4:40 pm on Sep 21, 2006 (gmt 0)

10+ Year Member



Hi all, after a couple of weeks of making links, doing a sitemap and joining the google webmaster tools my site finally got indexed yesterday, both me and the company owner were very happy. However, today i checked it was still there..... and it wasn't! Argh. At first it wasn't showing by putting the full address into google, but if i did info:www.example.com it still showed! And the webmaster tools part of google has been showing it as still indexed all day long. Now however thats gone too, and it's gone back to 'no pages from your site currently indexed, bla bla bla'. Any idea's?

Bots started crawling last week and everything seemed to be going well. Like i said it only appeared yesterday and now is gone again. The owner not gonna be happy :(

P.s. just checked and info:www.example.com still lists the site!

Many thanks in advance for any help.

piatkow

10:30 am on Sep 22, 2006 (gmt 0)

WebmasterWorld Senior Member 10+ Year Member Top Contributors Of The Month



You do not see the same Google server every time.

The accepted wisdom is that the indexing will be propagated across the rest of the servers in time. If you know the IP addresses of the servers that you normally see then you can check which ones have the new details.

Having said that, I started using site maps recently, site was indexed, great SERPS, cache up to date. After a day or two we were back to the old (bad) SERPS and old cache for the best part of a fortnight. Then we jumped back for 24 hours with the cache updated again and good SERPS. Now we are back to the pre sitemaps cache and SERPS.

g1smd

1:08 pm on Sep 22, 2006 (gmt 0)

WebmasterWorld Senior Member 10+ Year Member Top Contributors Of The Month



At present, I believe that whatever shows on gfe-eh is roughly where we might be heading in the long term, while gfe-gv is where we have been and will not continue.

Garindan

6:38 pm on Sep 22, 2006 (gmt 0)

10+ Year Member



Thanks for the replies, unfortunately it's not showing up on either gfe-gv or gfe-eh. I don't understand how it was indexed for one day and then not again? Will i need to set up more links now to try and get it back again? Even though googlebot knows it's there now? It hasn't visited for the past couple of days by the looks of it, should it visit most days? Many thanks again for any help.

Patrick Taylor

8:33 pm on Sep 22, 2006 (gmt 0)

WebmasterWorld Senior Member 10+ Year Member



I don't understand how it was indexed for one day and then not again?
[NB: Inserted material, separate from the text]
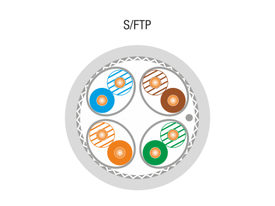 Przewód podwójnie ekranowany S/FTP (Shielded/Foiled Twisted Pair, oznaczenie zgodne z normą ISO/IEC 11801). Najwyższej klasy ekranowanie. Ekran w postaci oplotu z siatki miedzianej został umieszczony na ośrodku w którym każda para jest ekranowana dodatkowo folią aluminiową, pomiedzy ekranem a powłoką znajduje się drut uziemniający. Taka konstrukcja daje zwiększoną odporność na zakłócenia elektromagnetyczne (EMI) a indywidualne ekranowanie każdej pary eliminuje przesłuchy pomiędzy poszczególnymi parami. Zwarta, mocna konstrukcja zwiększa odpornośc na uszkodzenia mechaniczne podczas instalacji (większa odpornośc na siłę ciągnienia). W porównianiu z kablami nieekranowanymi przewód może zapewnić wyższą jakość i bezpieczeństwo transmisji danych. Kabel przeznaczony do pracy w środowisku wysoce narażonym na zakłócenia elektromagnetyczne, może znajdować się w bliskiej odległości od przewodów elektrycznych, sygnałowych i urządzeń mogących być źródłem lub nośnikiem zakłóceń elektromagnetycznych.

I've seen this happen with several new sites (and new pages on older sites). They start to appear, then drop out a few times, then back etc. I think this is normal and you will soon/eventually (depending on incoming links) see the site/pages consolidate and stop dropping out.

tedster

9:57 pm on Sep 22, 2006 (gmt 0)

WebmasterWorld Senior Member 10+ Year Member



It is pretty normal for relatively new domains. It's like they get little test auditions for their act, and gradually if they do OK with their low-level gig, they will appear more and more often. After they start to do really well, then they have a shot at becoming a headliner. Sort of like Vegas show business.

RichTC

11:09 pm on Sep 22, 2006 (gmt 0)

WebmasterWorld Senior Member 10+ Year Member



Have to admit im seeing this issue more and more for example:-

30 new static pages (all unique, hand written etc) were added to an established site (over 5yrs old). A week later they had been spidered, in the cashe and were ranking top 20 (not big commercial keywords). Three days later they were gone, site command showing that the pages were yet to be spidered and the page they were linked off was showing an earlier cashe ie prior to when the pages were added.
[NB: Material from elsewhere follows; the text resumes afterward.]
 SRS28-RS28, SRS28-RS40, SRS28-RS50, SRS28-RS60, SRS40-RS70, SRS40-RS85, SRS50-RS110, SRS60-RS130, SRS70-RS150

At first like others i assumed it was just the data centre not updated and i was viewing a different data centre. I even convinced myself that even with going direct to the same data centre i might not have been getting that data centres data. (if you follow)

A few days later i added five more new pages to the site and had exactly the same pattern of events.

I now believe that this is a google policy. To take out new content for a set period even on established sites (a sort of mini sandbox)in the hope of the webmaster buying adwords - i think its this simple.

Perhaps im being over cynical but i think this is where we are with these missing pages. Google clearly has collected the data at a data centre it just keeps it out of the serps for what ever reason.

On some pages added two months ago from my own experience this mini sandbox effect has lasted three weeks or more depending on how competetive the keywords are.

- this is my take on it, im very interested to hear if other agree, disagree or have had similar expences recently, ie within the last three months.

Cheers,
Rich

tedster

11:31 pm on Sep 22, 2006 (gmt 0)

WebmasterWorld Senior Member 10+ Year Member



RichTC, I also see this kind of pattern you describe. The kind of filtering that used to only happen when Google tested new domains now seems to happen with new directories and pages -- new urls of all types.

RichTC

11:55 pm on Sep 22, 2006 (gmt 0)

WebmasterWorld Senior Member 10+ Year Member



Ted,

So in your experience you would conclude this is now a new part of the google algo.

Interesting - only issue i can see with this is that google run the risk of the serps being stale in certain areas with this new filtering if they keep the new data out to long from the established sites.

Keep pages out long enough to push adwords revenue up, but not too long that the serps become unusable

tedster

1:06 am on Sep 23, 2006 (gmt 0)

WebmasterWorld Senior Member 10+ Year Member



you would conclude this is now a new part of the google algo.

Sometimes -- as with all things Google, it's getting quite complex. Maybe the more trust a domain establishes, the fewer hurdles new pages have. Or so it seems to me. I don't claim any insider knowledge on this, I just work with a number of sites and describe patterns I see. This particular pattern seems to be coming up more often these days.

Certainly if this kind of filtering became universally applied, then as you said, search results would get pretty stale. So I could be way off-base here. But this is what it looks like to me.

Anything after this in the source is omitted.